German Protestantism was subjected to three pressures after 1933, which were designed to de-Judaise it, to heroise it and to unify it. These came from within, although beyond the Churches there were clusters of neo-pagans whose clamorous agitations encouraged Protestant Nazi sympathisers to ‘Nazify’ their own Churches before they were replaced by something wholly unrelated to Christianity.

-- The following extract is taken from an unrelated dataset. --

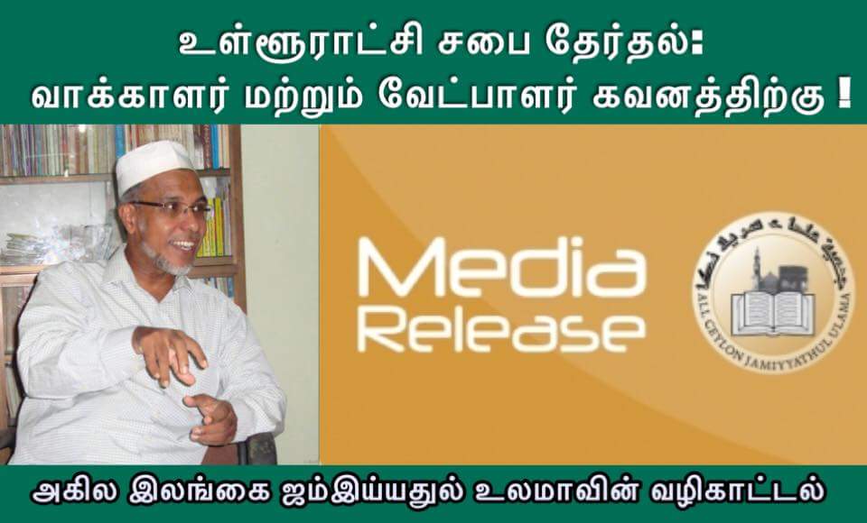 உள்ளூராட்சி சபைத் தேர்தலுக்காக களமிறங்கியிருக்கின்ற கட்சிகளும்வேட்பாளர்களும் பின்வரும் வழிகாட்டல்களைப் பேணி நடக்கவேண்டுமென எதிர்பார்க்கின்றோம் எமது தாய் நாடான இலங்கைமண்ணில் நல்லாட்சி மலர வேண்டும் எல்லா சமூகங்களும்சமயத்தவர்களும் நல்லிணக்கத்தோடும் ஐக்கியமாகவும் வாழவேண்டும் நாடு சகல துறைகளிலும் வளர்ச்சி கண்டு முன்னேற்றப்பாதையில் பயணிக்க வேண்டும் என்பதே உங்களது எதிர்பார்ப்பாகஅமைதல் வேண்டும்.இந்த வகையில் நல்லாட்சிக்கான சிறந்தமுன்னுதாரண புருஷர்களாக நீங்கள் திகழ வேண்டும் என்பதே எமதுஎதிர்பார்ப்பு.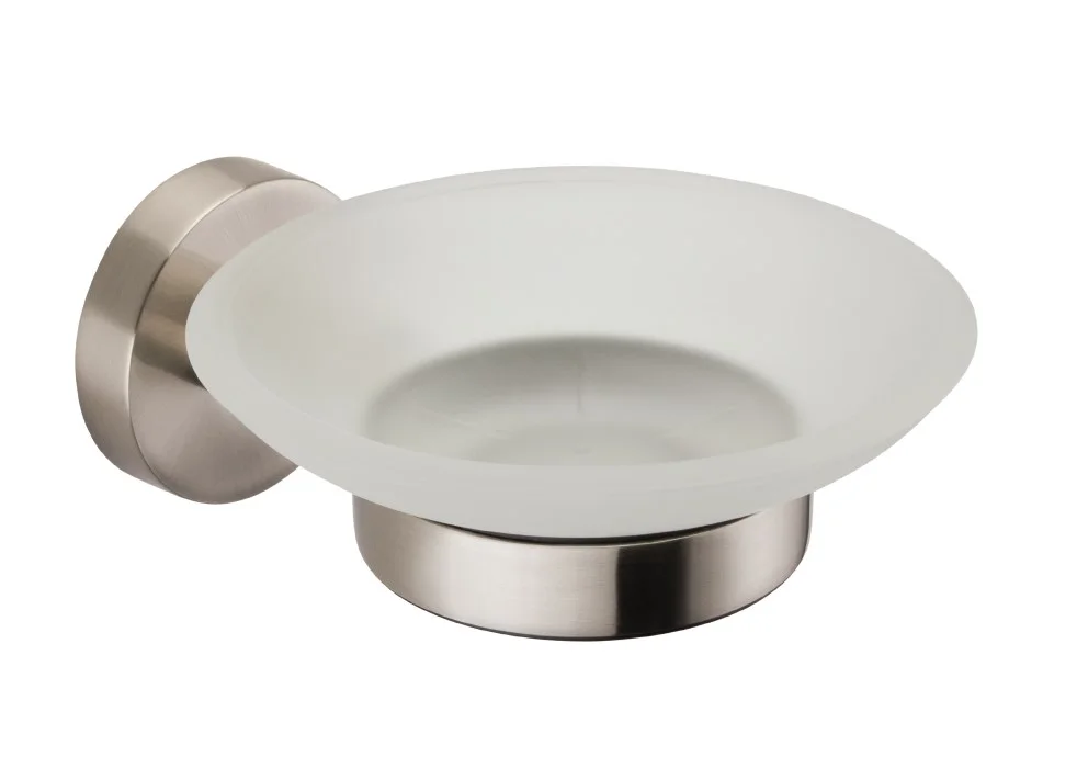 Круглая чаша мыльницы изготовлена из матового белого стекла.

The idea of fusing extreme racist nationalism with Christianity was not new; a League for a German Church had been founded in 1921 precisely for that purpose. Some 120 Protestant pastors belonged to the Party by 1930, eight having stood as candidates in elections. Wilhelm Kube, the gauleiter of Brandenburg, was both leader of the Nazi caucus in the Prussian parliament and an active member of the synod of the diocese of Berlin. In late 1931 he suggested the formation of ‘Protestant National Socialists’, a Church party not formally integrated with the NSDAP itself. Hitler thought that ‘German Christians’ would be less contentious. From their inception in 1932, the German Christians, a group of clergy and laity, sought to impose an ecclesiology defined by race rather than grace, blending ‘traditional’ anti-Judaism with new-fangled scientific racism to establish a new ‘Church of blood’. They wished to revivify Protestantism by incorporating those things that had made Nazism itself such a potent force. Their banner consisted of a cross and the initials DC with a swastika in the centre. This was not the first or the last time that a Protestant Church inclined towards a secular creed in the expectation that its adoption might fill empty pews, a cycle those Churches have endlessly repeated with environmentalism, campaigns against the Bomb and soft Marxism ever after.

Since the German Christians seemed to give empty churches a new lease of life—albeit by introducing the lurid razzamatazz of Nazism into places of worship—they were welcomed by some senior Protestant clergy as a way of restoring the popularity of religion. Bishop Theophil Wurm of Württemberg was not alone in imagining that Nazism might represent a revival of the fusion of nationalism and religiosity that had last been seen in Germany during the Wars of Liberation.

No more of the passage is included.